## [PROBLEM STATEMENT]
An exact copy of the entries is required, with every image omitted.

*** Opening TASK INPUTS ***

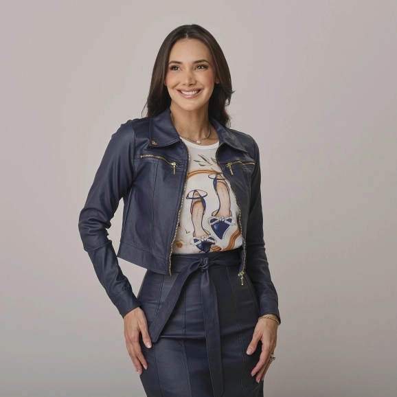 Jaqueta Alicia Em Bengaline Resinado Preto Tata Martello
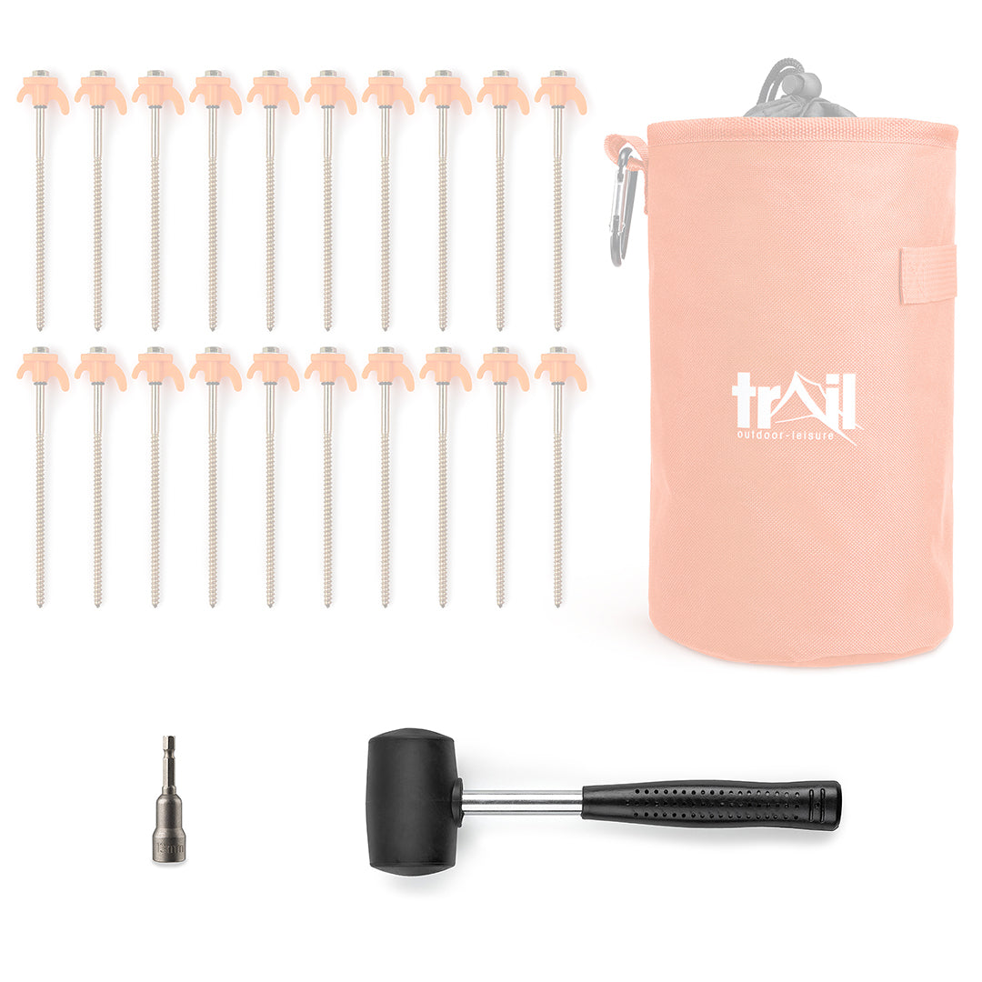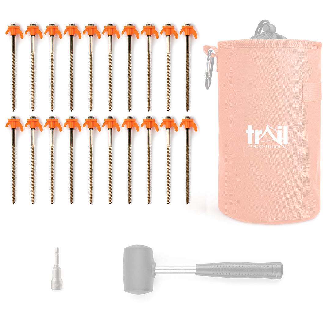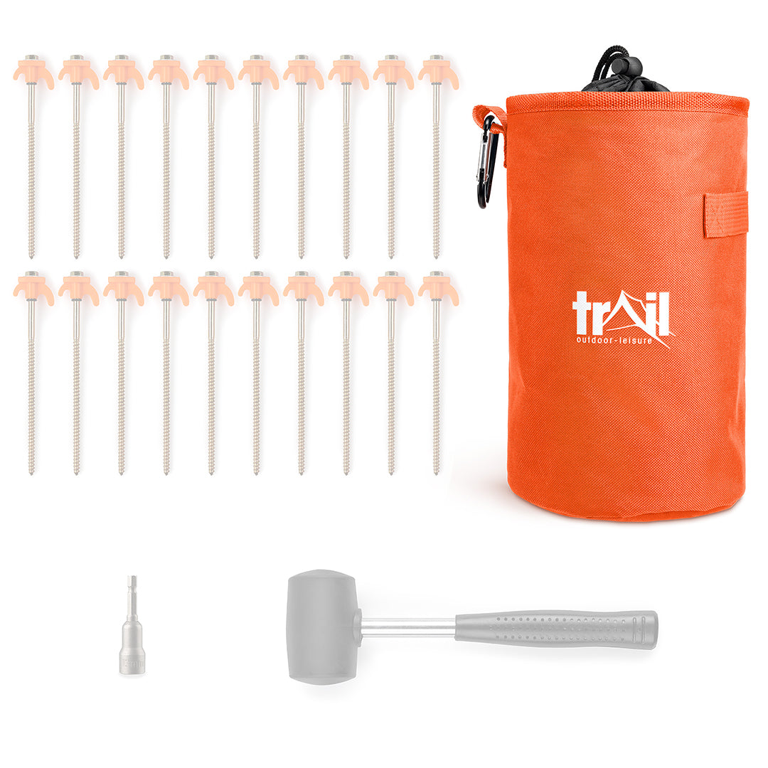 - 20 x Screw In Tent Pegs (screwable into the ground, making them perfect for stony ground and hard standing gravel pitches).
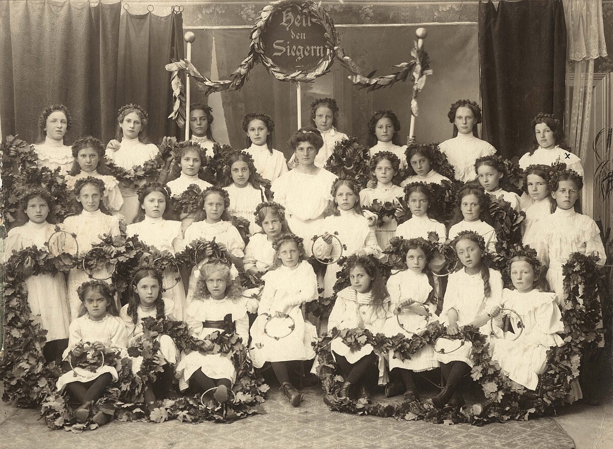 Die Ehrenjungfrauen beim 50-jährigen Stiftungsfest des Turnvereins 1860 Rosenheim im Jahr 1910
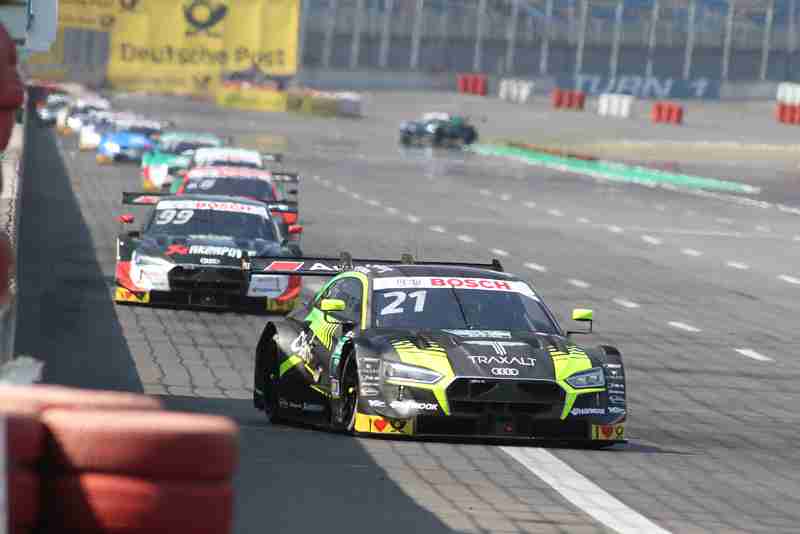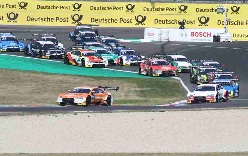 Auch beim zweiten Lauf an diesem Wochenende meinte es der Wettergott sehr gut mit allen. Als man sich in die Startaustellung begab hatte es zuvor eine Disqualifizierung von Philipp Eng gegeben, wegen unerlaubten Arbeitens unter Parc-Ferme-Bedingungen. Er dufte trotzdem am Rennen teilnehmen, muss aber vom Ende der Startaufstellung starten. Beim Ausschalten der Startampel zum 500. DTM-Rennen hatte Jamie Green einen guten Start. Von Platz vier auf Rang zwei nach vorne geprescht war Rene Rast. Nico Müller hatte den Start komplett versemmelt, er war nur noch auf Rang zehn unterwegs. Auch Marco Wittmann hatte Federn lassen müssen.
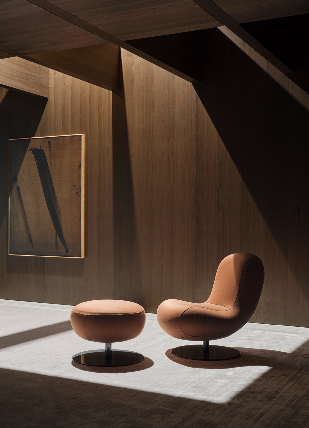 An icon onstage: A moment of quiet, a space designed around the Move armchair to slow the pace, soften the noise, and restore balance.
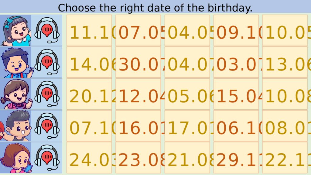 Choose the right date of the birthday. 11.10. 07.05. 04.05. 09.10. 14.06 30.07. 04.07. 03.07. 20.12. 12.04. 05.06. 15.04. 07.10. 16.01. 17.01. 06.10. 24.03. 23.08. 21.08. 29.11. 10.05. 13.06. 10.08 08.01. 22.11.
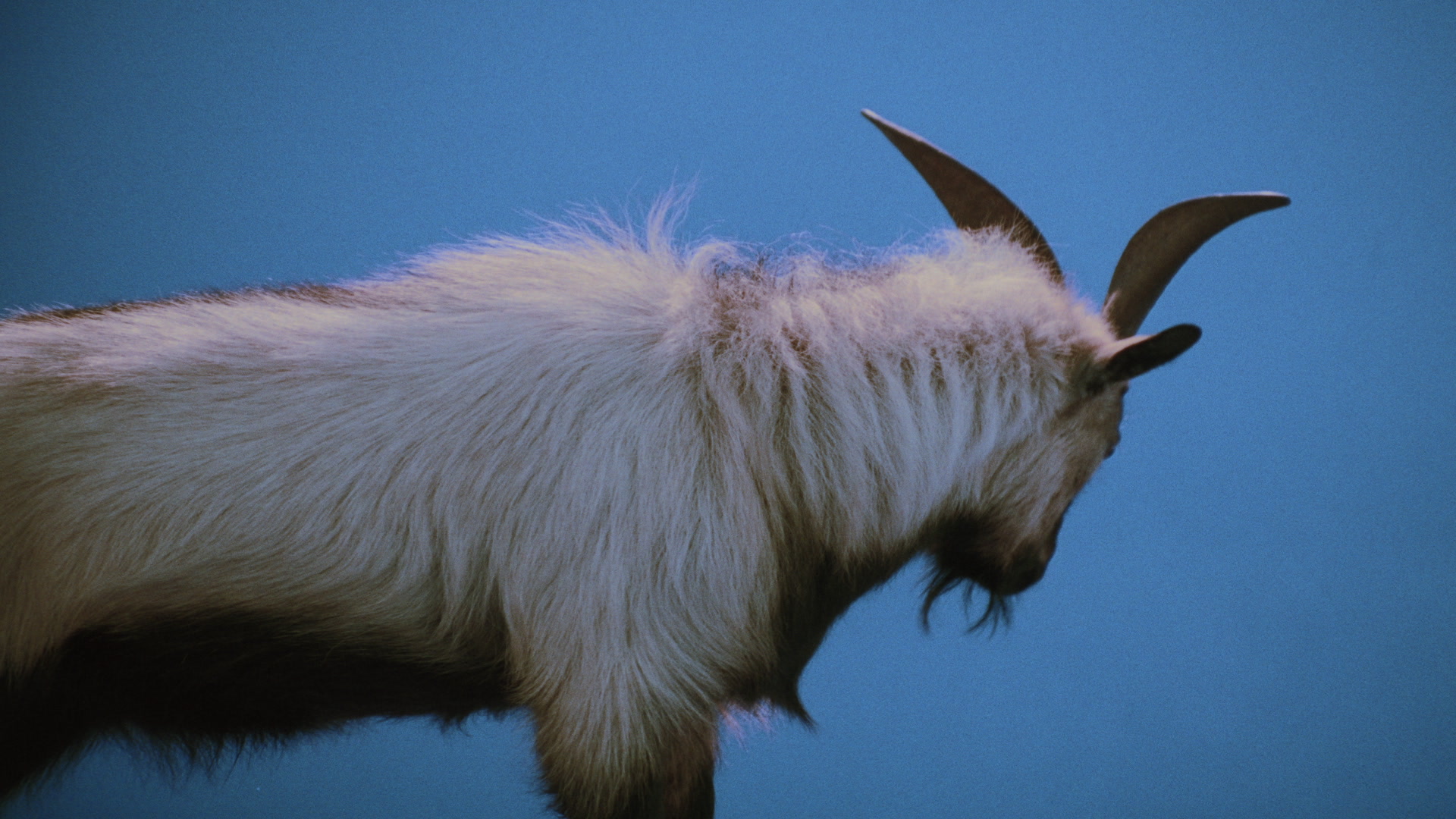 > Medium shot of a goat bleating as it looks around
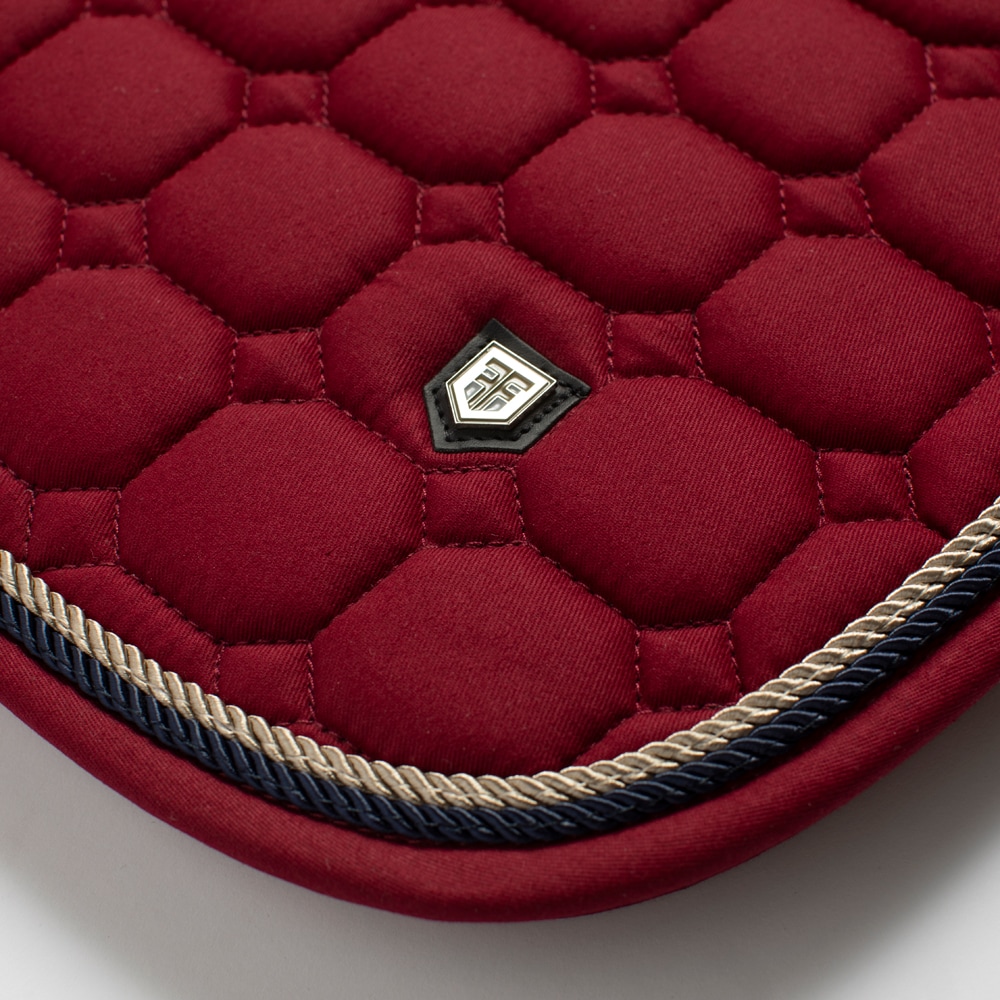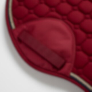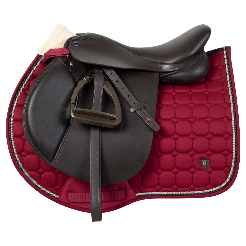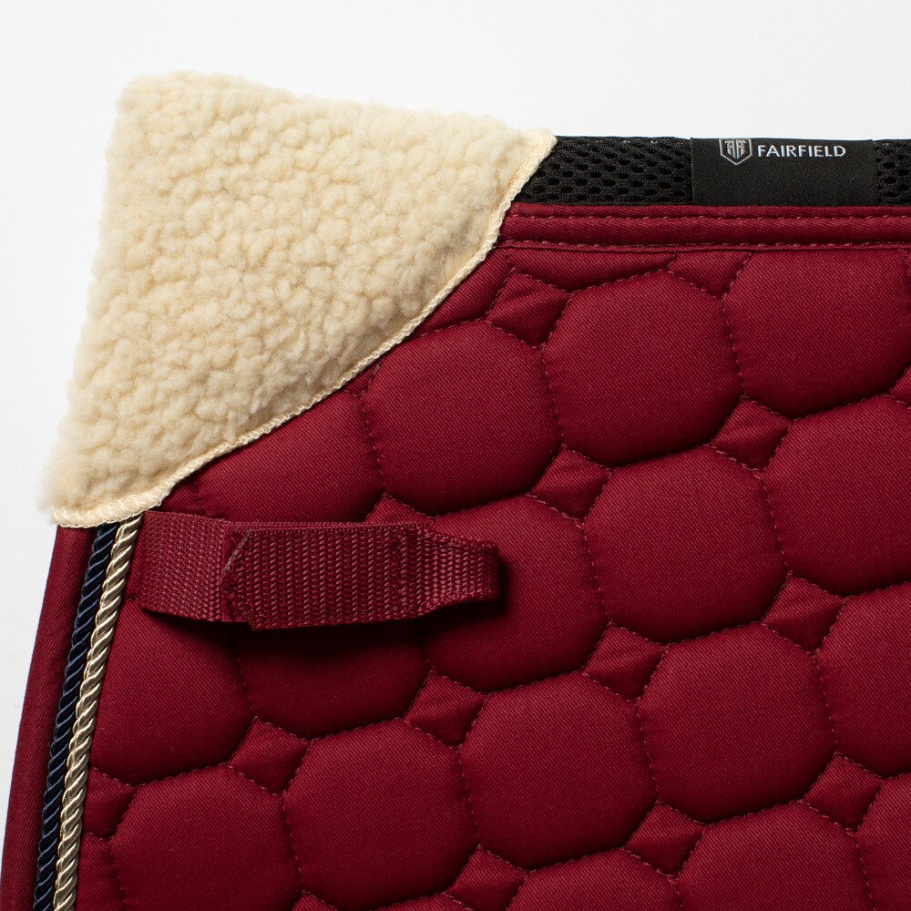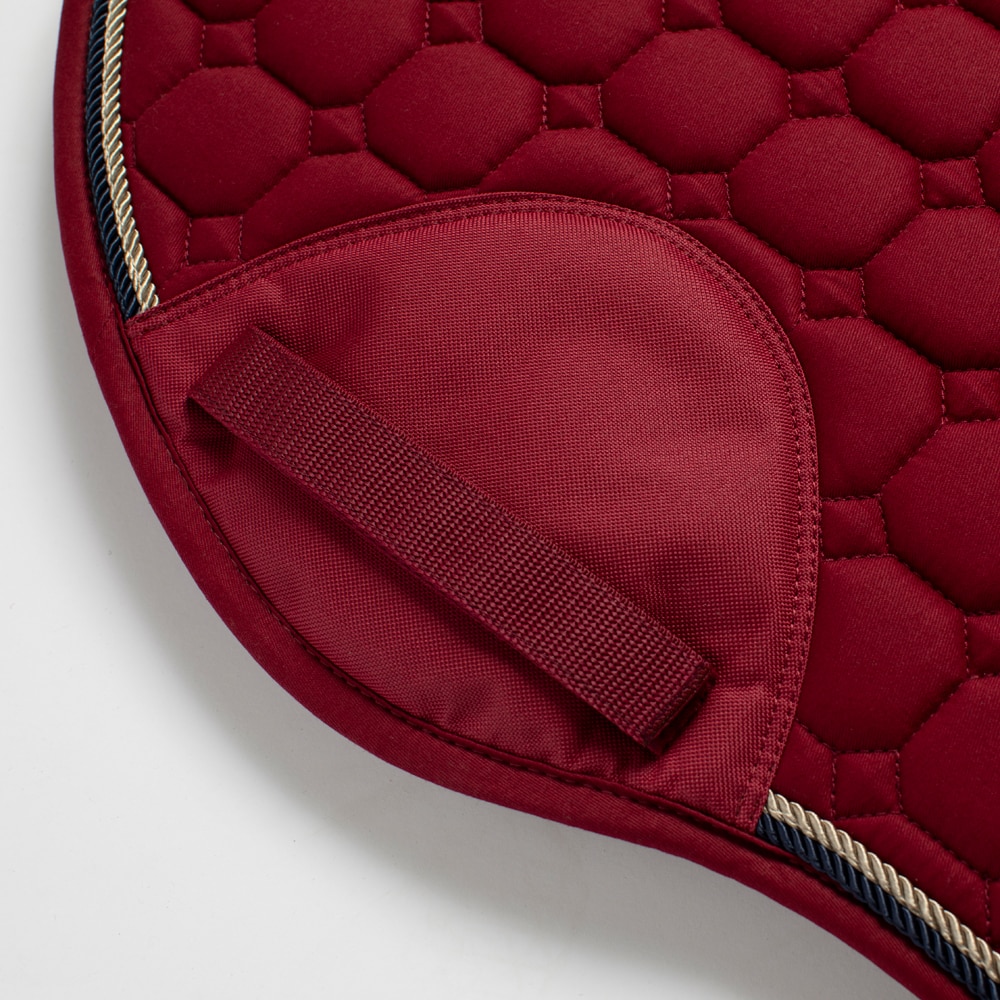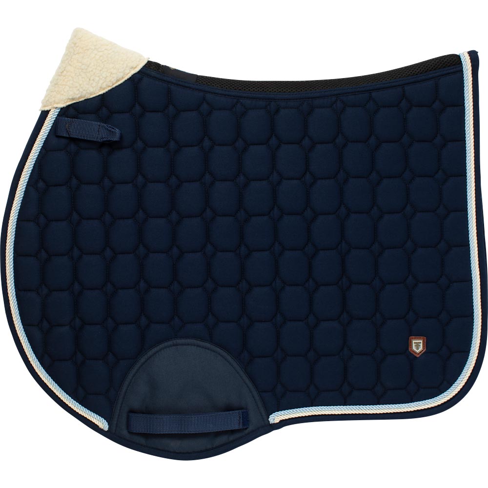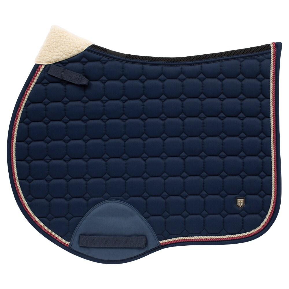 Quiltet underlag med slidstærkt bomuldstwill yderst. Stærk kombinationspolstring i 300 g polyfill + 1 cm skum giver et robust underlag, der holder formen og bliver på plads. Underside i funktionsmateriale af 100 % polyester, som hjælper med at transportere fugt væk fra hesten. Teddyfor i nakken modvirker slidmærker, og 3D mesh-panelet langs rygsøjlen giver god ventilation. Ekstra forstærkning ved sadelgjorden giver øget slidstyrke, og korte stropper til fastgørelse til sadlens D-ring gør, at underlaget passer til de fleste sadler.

*** Closing TASK INPUTS ***

## [SOLUTION TO THE PROBLEM]
 Jaqueta Alicia Em Bengaline Resinado Preto Tata Martello
 - 20 x Screw In Tent Pegs (screwable into the ground, making them perfect for stony ground and hard standing gravel pitches).
 Die Ehrenjungfrauen beim 50-jährigen Stiftungsfest des Turnvereins 1860 Rosenheim im Jahr 1910
 Auch beim zweiten Lauf an diesem Wochenende meinte es der Wettergott sehr gut mit allen. Als man sich in die Startaustellung begab hatte es zuvor eine Disqualifizierung von Philipp Eng gegeben, wegen unerlaubten Arbeitens unter Parc-Ferme-Bedingungen. Er dufte trotzdem am Rennen teilnehmen, muss aber vom Ende der Startaufstellung starten. Beim Ausschalten der Startampel zum 500. DTM-Rennen hatte Jamie Green einen guten Start. Von Platz vier auf Rang zwei nach vorne geprescht war Rene Rast. Nico Müller hatte den Start komplett versemmelt, er war nur noch auf Rang zehn unterwegs. Auch Marco Wittmann hatte Federn lassen müssen.
 An icon onstage: A moment of quiet, a space designed around the Move armchair to slow the pace, soften the noise, and restore balance.
 Choose the right date of the birthday. 11.10. 07.05. 04.05. 09.10. 14.06 30.07. 04.07. 03.07. 20.12. 12.04. 05.06. 15.04. 07.10. 16.01. 17.01. 06.10. 24.03. 23.08. 21.08. 29.11. 10.05. 13.06. 10.08 08.01. 22.11.
 > Medium shot of a goat bleating as it looks around
 Quiltet underlag med slidstærkt bomuldstwill yderst. Stærk kombinationspolstring i 300 g polyfill + 1 cm skum giver et robust underlag, der holder formen og bliver på plads. Underside i funktionsmateriale af 100 % polyester, som hjælper med at transportere fugt væk fra hesten. Teddyfor i nakken modvirker slidmærker, og 3D mesh-panelet langs rygsøjlen giver god ventilation. Ekstra forstærkning ved sadelgjorden giver øget slidstyrke, og korte stropper til fastgørelse til sadlens D-ring gør, at underlaget passer til de fleste sadler.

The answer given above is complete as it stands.